А разве вы, Евгений Максимович как русский марксист не замечали, с какой упертостью товарищ Путин сознательно, обдуманно, нарочно многое делает наперекор народу, вопреки его симпатиям, антипатиям и взглядам?
Начать хотя бы с нашего герба, флага и гимна, которые Ельцин выбросил и втюрил нам заплесневелый царский герб, власовский флаг и трижды латанный гимн. Даже Гитлер, ведь тоже не дурак был, учредив партийную символику, оставил в неприкосновенности старый герб и гимн Германии «Deutschland, Deutschland uber alles!». У нас часто объясняли его как превознесение Германии надо всем остальным миром. Да ничего подобного! Имеется в виду гражданин Германии, для которого родина должна быть превыше всего. И прекрасно, если бы и наш гимн начинался словами «Россия, Россия превыше всего!» или чем-то подобным.
Так вот, можно было надеяться, что, став президентом, сравнительно молодой офицер ведомства Дзержинского вернет хотя бы наш прекрасный, как ни у кого, величественный герб, который уже сорок лет покоится на Луне и Марсе, или – наш единственный в мире красный флаг, овеянный славой великих побед, каких не знала ни одна страна в мире. Нет! Оставил все и царское и власовское. Если это не упертость, то что это, Евгений Максимович?
Между нами, марксистами, говоря, Евгений Максимович, ведь Путин по многим показателям, в том числе, в антисоветской упертости, даже превзошел Ельцина. Алкаш, по крайней мере, не уничтожил по указанию американцев нашу космическую станцию «Мир», которая могла служить еще долгие годы; не ликвидировал наши базы во Вьетнаме и на Кубе, с помощью которых мы контролировали едва ли не оба полушария; не клеветал на Сталина, например, не взваливал на него вину Тухачевского за поражение в 1920 году; не был в обнимку с Геббельсом в деле Катынской трагедии; не додумался назначить министром культуры малограмотного киргиза Швыдкого; на пускал среди своих министров шапку по кругу на памятник Столыпину; не учреждал премию имени этого банкрота и вешателя; не заставлял школьников штудировать «Майн кампф»; не вопил на Красной площади «О, Маккартни! В советской казарме вы были для меня глотком свободы!».
Наконец, да, Ельцин позволил себе на аэродроме Рейкьявика историческое мочеиспускание на глазах всего мира, но, с одной стороны, все же примем во внимание, что он был, как всегда вдрабодан, и ответственность за это тоталитарное мочеиспускание во многом лежит на охраннике Коржакове, а с другой стороны, он все-таки не падал, как товарищ Путин, на колени перед собакой Буша, не обнимал, не целовал ее, не вычесывал блох.
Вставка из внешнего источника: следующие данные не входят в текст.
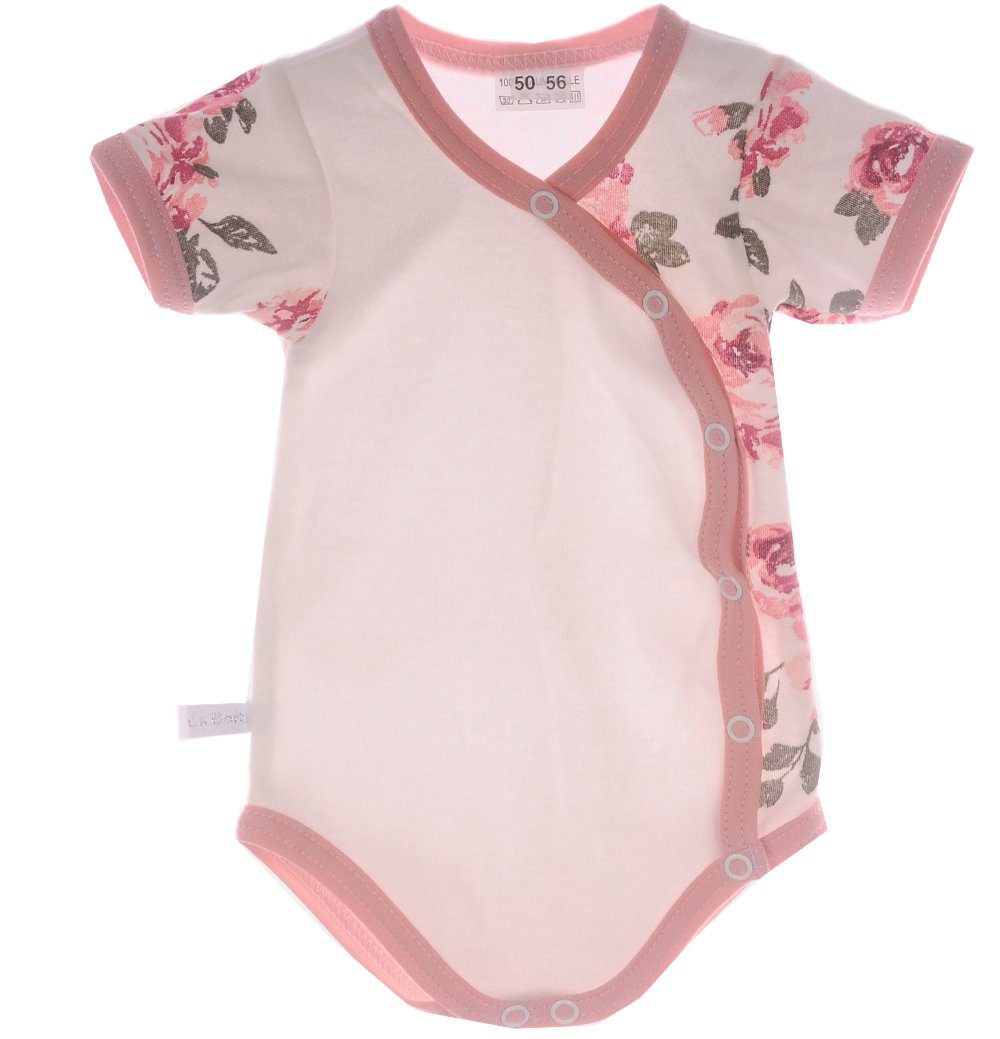 Dieser entzückende Kurzarm-Wickelbody in Creme mit zartem Blumenmuster ist nicht nur praktisch, sondern auch ein echter Hingucker in der Baby-Garderobe. Die Wickeloptik mit seitlich angebrachten Druckknöpfen ermöglicht ein einfaches An- und Ausziehen, ohne dass der Body über den empfindlichen Babykopf gezogen werden muss – besonders angenehm für Neugeborene.
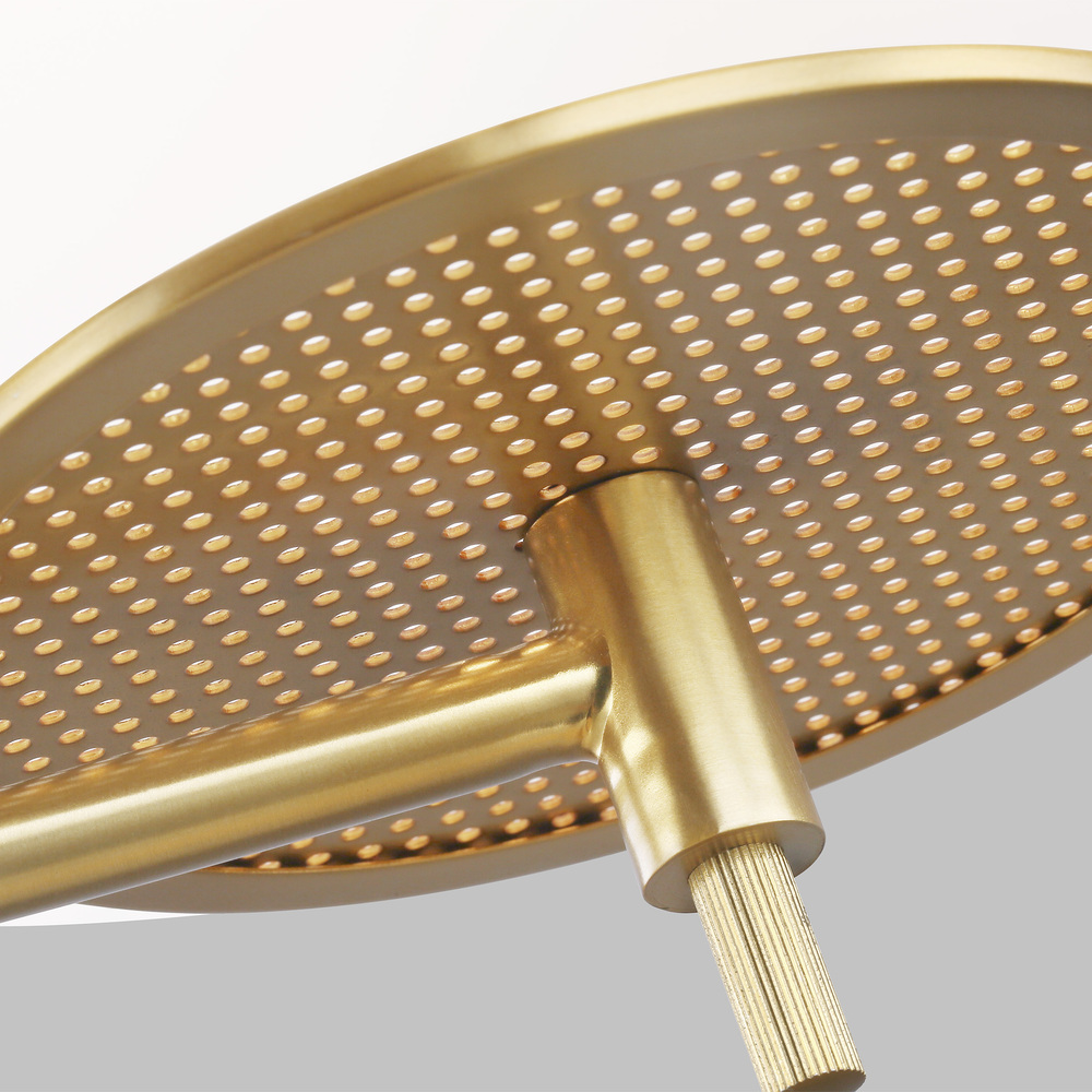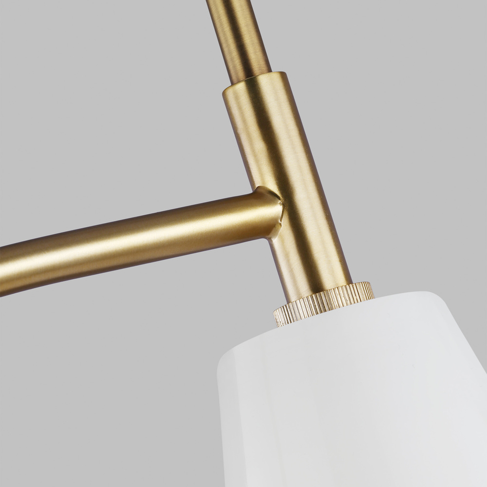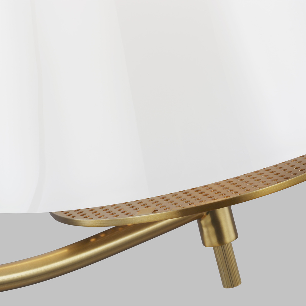 A dramatic and architectural take on Kelly’s signature use of mixed metals and geometric forms, Gesture pendant lights have asymmetrical balance. The “C” arm hook holds a milk glass shade with a perforated metal diffuser at the base of the lamp. The diffuser shines light straight out and down, ensuring gentle, even distribution of the light. Available in three finish options: Aged Iron, Burnished Brass and Polished Nickel. This product is on the cover of the GL Designer catalog.

Тут вспоминается Есенин. Он однажды воскликнул:
Мне сегодня хочется очень
Из окошка луну обос…
Ну, молодой был, бесшабашный, хулиганистый, да и никаких постов не занимал. А Ельцин все-таки догадывался о недосягаемости для него луны даже с борта Ту-154, и потому решил сделать то же самое, уже после приземления, на колесо самолета. Другого пути приобщения к поэзии Есенина он не знал. Правда, дело было почти в старости, может, и недержанием уже страдал. И ведь он, осуществляя процесс приобщения, стыдливо отвернулся, встал спиной к дамам, пришедшим встречать его с букетами в руках. Это тоже надо помнить: какая деликатность! Так что в том поступке можно найти нечто даже поэтическое или жалостно-страдательное, что ли, и уж точно, это был совершенно аполитичный поступок.
Если будет решено поставить памятник Ельцину, то хорошо бы в той самой позе у колеса самолета. Есть на одной из площадей Брюсселя знаменитая статуя «Писающего мальчика». Почему бы нам, великой державе, не иметь «Писающего президента-реформатора» где-нибудь на проспекте Сахарова или на улице Солженицына? Пусть бы струя била в лоб Чубайсу или Прохорову, помогая им соображать, будить их дремлющий интеллект…
2012 г.
Вместо послесловия
ПРАВДУ УНИЗИТЬ НЕЛЬЗЯ
(Из беседы с Владимиром Бондаренко)
Владимир Бондаренко. Ради чего вы пишете, Владимир Сергеевич? Может быть, вы надеетесь своими яростными статьями восстановить в скором времени советскую власть? Или хотите помочь обездоленным людям, дать им глоток надежды? Оказать поддержку хотя бы словом? Или же, видя, что все расхищено, разворовано и надежды на реальное возрождение России, а тем более Советской России, в скором будущем не возникает, вы своими статьями мстите, как можете, разрушителям державы?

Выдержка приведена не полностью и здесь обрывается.